• _Dataset items_:

• • • • • • •

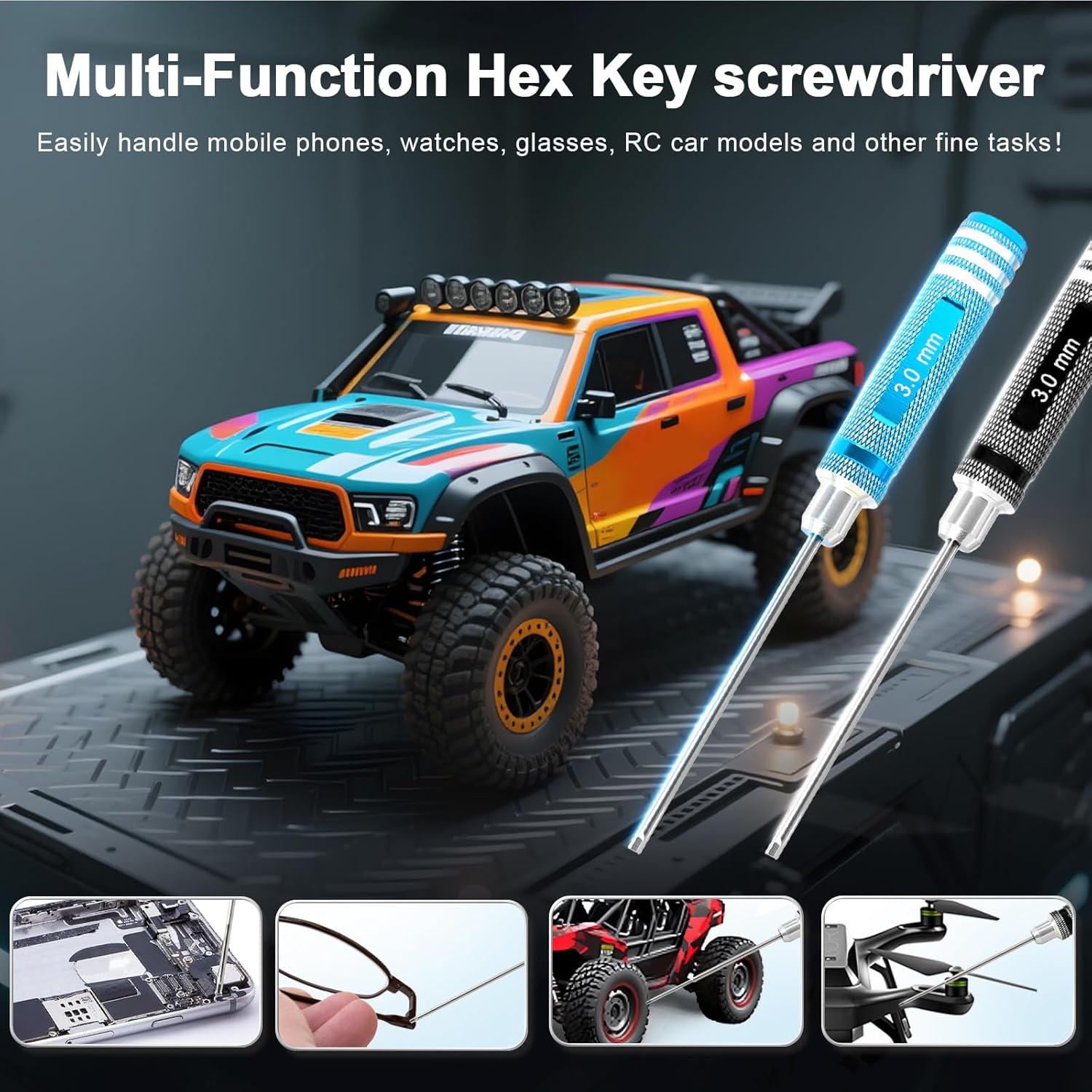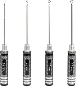 Precision 4-Piece 1.5mm, 2.0mm, 2.5mm, 3.0mm Hex Screwdrivers :These 4 screwdrivers are designed for hex screws, making them ideal for RC car enthusiasts, drone pilots, 3C repairers, DIYers, and furniture projects. Their precision design ensures secure, efficient screw driving, enhancing reliability in tasks ranging from tuning high-performance RC models to assembling delicate electronics.
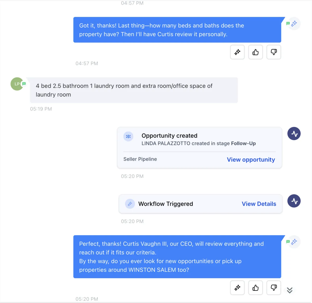REAL-WORLD SELLER CONVERSATION EXAMPLES: See exactly how the bot handles tough, awkward, or skeptical sellers — and makes them feel confident in your team, even if you’re just getting started.
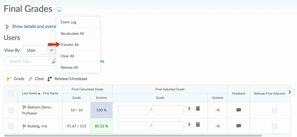- Optional: The Final Adjusted Grade column allows you to adjust final grades for individual students. To use this option, you should first transfer your Final Calculated Grade data into the adjusted column. To transfer, select the Final Grades dropdown menu and click Transfer all. Click Yes to confirm.
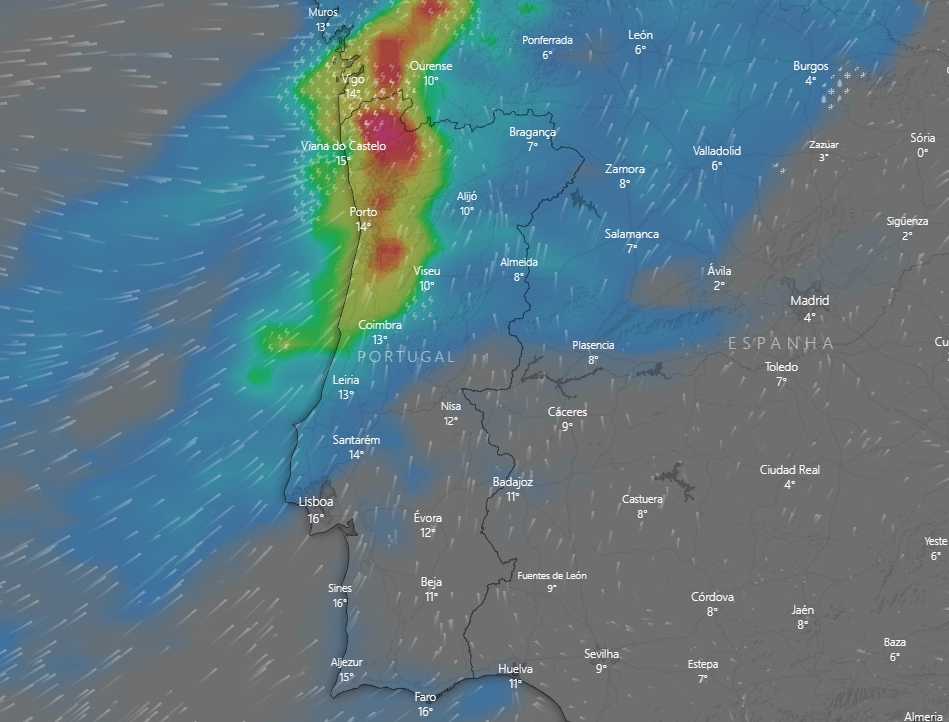 Segundo o IPMA, a chuva forte irá ocorrer entre a madrugada e o princípio da tarde de sábado e entre a madrugada e tarde de domingo, “podendo os valores acumulados variar entre 100 e 180 mm [milímetros] nas regiões montanhosas e entre 80 e 100 mm nas regiões não montanhosas”.
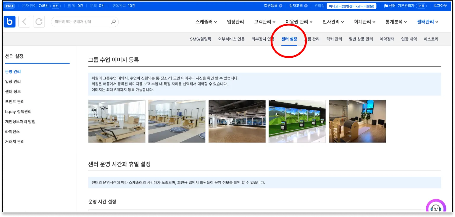 센터관리 > 센터설정 > 운영관리 에서 하실 수 있어요!
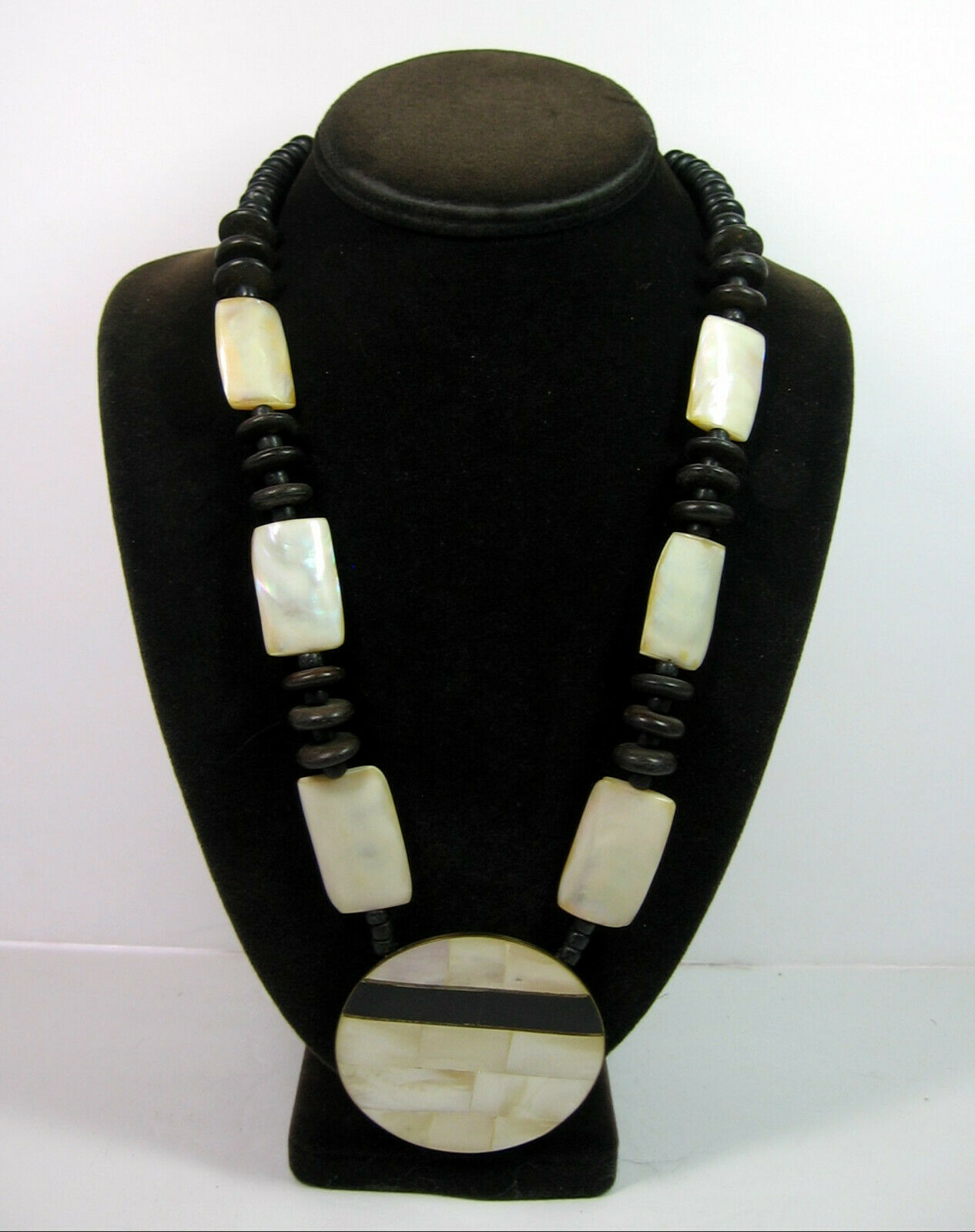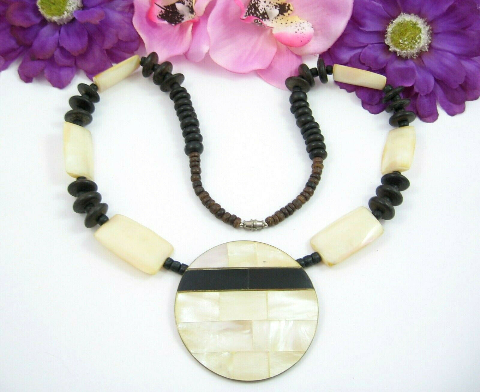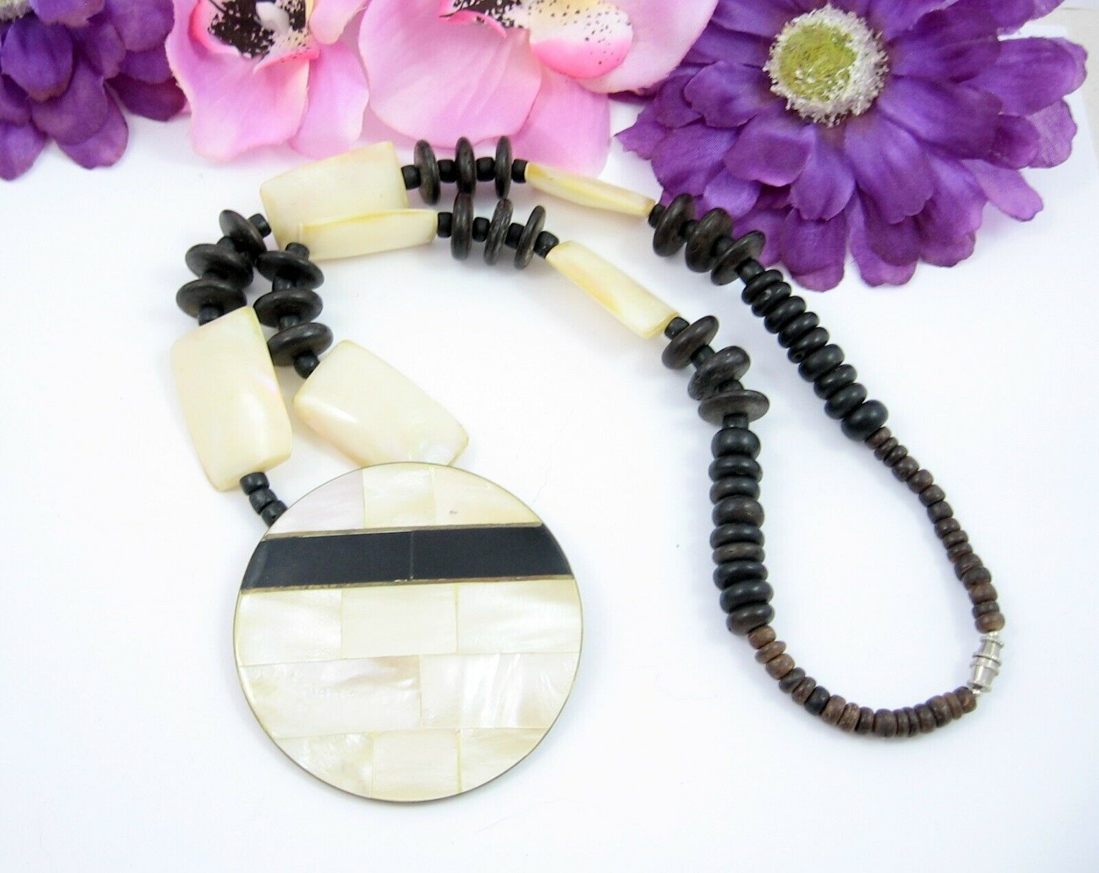 This is a vintage MOTHER OF PEARL and BLACK ENAMEL MEDALLION NECKLACE!
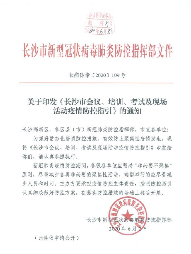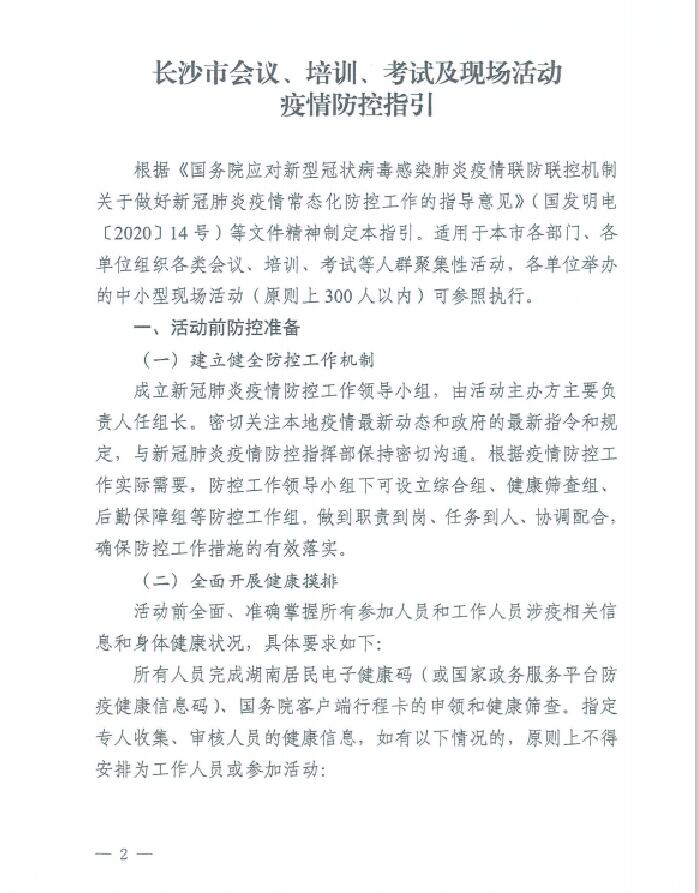长沙市会议、培训、考试及现场活动疫情防控指引
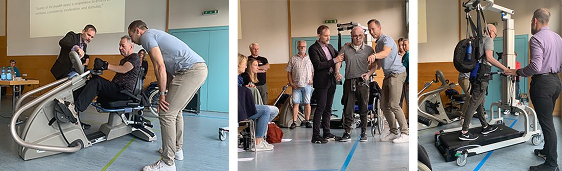 Besonders eindrücklich waren die drei Trainingseinheiten mit Patienten des Therapiezentrums. Mike Studer nahm sich viel Zeit, ihre Lebensumstände kennenzulernen, bevor er sie mit darauf abgestimmten Aufgaben „herausforderte“ – speziell beim gerätegestützten Training in unserem <a href=“https://www.neurokonzepte.de/produkte/litegait-gewichtsentlastung/“>LiteGait® Gangtrainer</a> und <a href=“https://www.neurokonzepte.de/produkte/nustep-ganzkoerpertrainer/“>NuStep® Ganzkörpertrainer</a>.
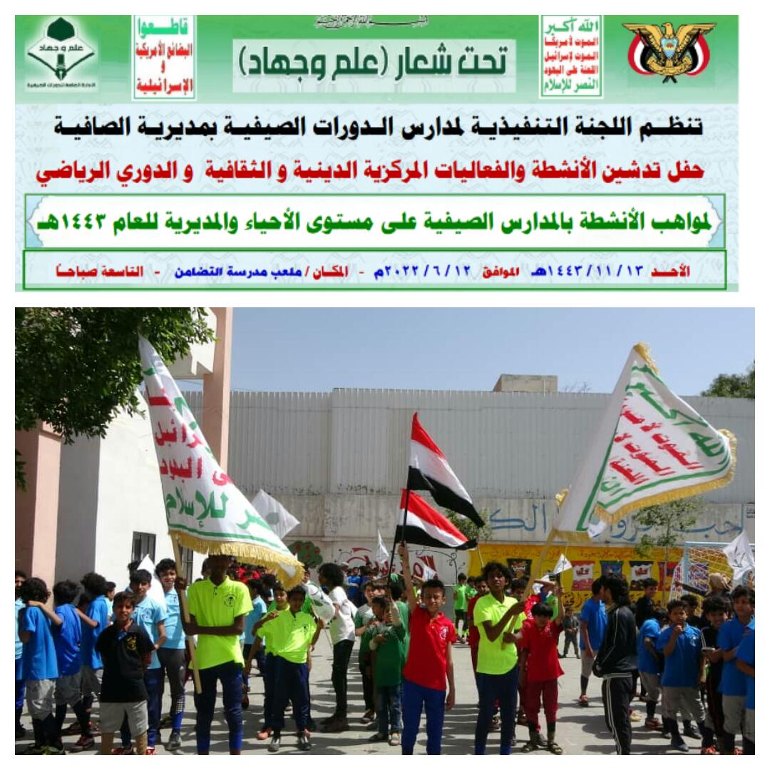 دُشن بمديرية الصافية بالأمانة اليوم فعاليات منافسات الأنشطة الثقافية والرياضية لطلاب ومواهب المدارس الصيفية المفتوحة والمغلقة وانطلاق التصفيات التمهيدية على مستوى مدارس الأحياء ،إستعداد للمنافسات على مستوى المديرية والأمانة .
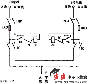 如图所示是单相照明双路互备自投供电线路,当一号电源无故停电时,备用电源能自动投入。图中1K、2K为小型开关,1C、2C为交流接触器。工作时,先合上开关1K,交流接触器1C吸合,由1号电源供电。然后合上开关2K,因1以、2C互锁,此时,2C不会吸合,2号电源处于备用状态。如果1号电源因故断电,交流接触器1C释放,其常闭触头闭合,接通2C线圈电路,2C吸合,2号电源投入供电。也可以先合上开关2K,后合上开关1K,使1号电源为备用电源。
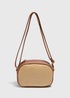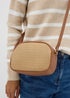 Tan Straw Camera Cross Body Bag
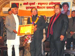 पुरस्कार वितरणक बाद समारोहकेँ सम्बोधन करैत उपराष्टूपति झा नेवारी भाषा साहित्यक संस्था सँ मैथिलीक साहित्यकार पुरस्कार प्राप्त कएला सँ दूनु भाषा बीचक मल्लकालिन सम्बन्धकेँ आओर मजबुत बनेबाक विश्वास व्यक्त कएलनि.
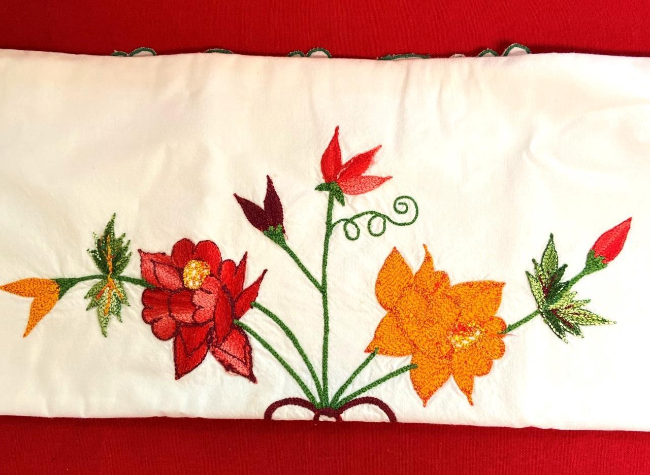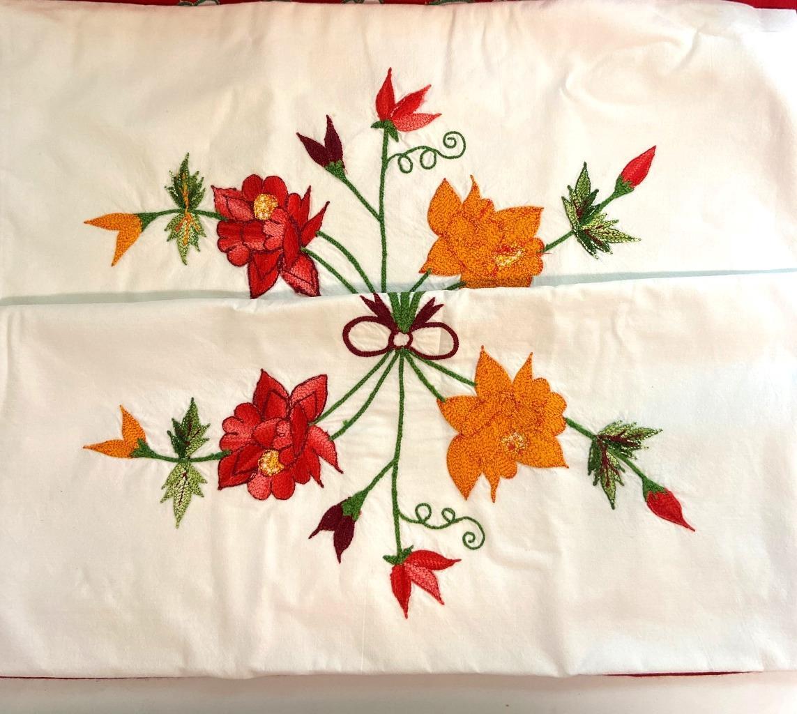 2 Embroidery Pillowcases w Green Stitched Scallop Edges Floral Design

• • • • • • •

• _Activity_:
Transcribe exactly the lines from the one containing "पुरस्कार वितरणक बाद" through the last line of the records above, and nothing else. Leave out the pictures.

• _Solution_:
 पुरस्कार वितरणक बाद समारोहकेँ सम्बोधन करैत उपराष्टूपति झा नेवारी भाषा साहित्यक संस्था सँ मैथिलीक साहित्यकार पुरस्कार प्राप्त कएला सँ दूनु भाषा बीचक मल्लकालिन सम्बन्धकेँ आओर मजबुत बनेबाक विश्वास व्यक्त कएलनि.
 2 Embroidery Pillowcases w Green Stitched Scallop Edges Floral Design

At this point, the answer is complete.